Per oltre un decennio, la vera identità di Satoshi Nakamoto (l'autore pseudonimo del white paper su bitcoin) è stata uno dei più grandi misteri irrisolti della tecnologia. Ora, un'indagine del New York Times durata anni afferma di averlo risolto, indicando Adam Back, uno scienziato informatico nato a Londra e veterano del movimento cypherpunk degli anni '90.
Il giornalista John Carreyrou ha costruito il suo caso setacciando decenni di post su internet, eseguendo analisi AI sugli stili di scrittura e monitorando l'attività dei forum, notando che Back è rimasto misteriosamente silenzioso sui forum di crittografia proprio quando Satoshi è diventato attivo. Quando Carreyrou affrontò Back a una conferenza sui bitcoin in El Salvador, lo descrisse arrossendo, muoversi a disagio e a un certo punto apparentemente parlando come se fosse Satoshi stesso.
Back lo ha categoricamente negato sui social media, definendo le prove "una combinazione di coincidenze e frasi simili da parte di persone con esperienze simili." Gli esperti sono divisi. Un professore della UCL ha detto che "non c'era una prova fumante", mentre un altro ricercatore ha sostenuto che Satoshi fosse probabilmente un piccolo gruppo di persone, non un singolo individuo. I giocatori del polimercato erano meno cauti: uno ha dato le probabilità al 99% che fosse lui (come riportato da The Guardian).
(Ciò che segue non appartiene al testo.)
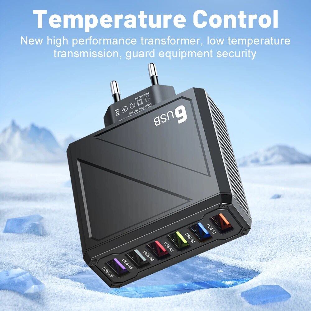 携帯電話の充電器,iPhone, Samsung, Xiaomi, Huawei,3.1a,6ポート用の急速充電USBアダプター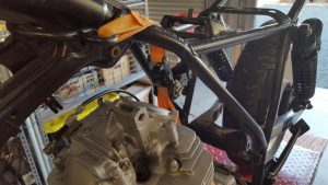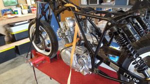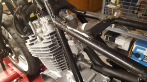 The first issue I had with getting the engine back into the frame was that there were no engine bolts and mounting hardware in the box of parts that came with the bike. Ebay was able to help with that and a complete set turned up within a week from the US. The next issue was trying to hold the engine in the frame to get one of the bolts in and because the engine is structurally part of the frame, this was quite hard to do. The only way I could get it to work was to have a few beers and then use a tie down strap to raise the engine up off the lift and then ratchet it up into position. Once the engine was mounted in the frame, one of the old seat brackets had to be cut off to allow for the new air cleaner to fit and the throttle cable, at the top of the carburettor, just cleared the frame nicely.

La posta in gioco è enorme. Se Back è Nakamoto, detiene circa 1,1 milioni di bitcoin (per un valore di decine di miliardi di sterline), una fortuna che sarebbe legalmente obbligato a divulgare alla SEC, poiché potrebbe muovere i mercati da solo. Back, che gestisce una società di tesoreria bitcoin, ha concluso la sua negazione con la frase: "Siamo tutti Satoshi."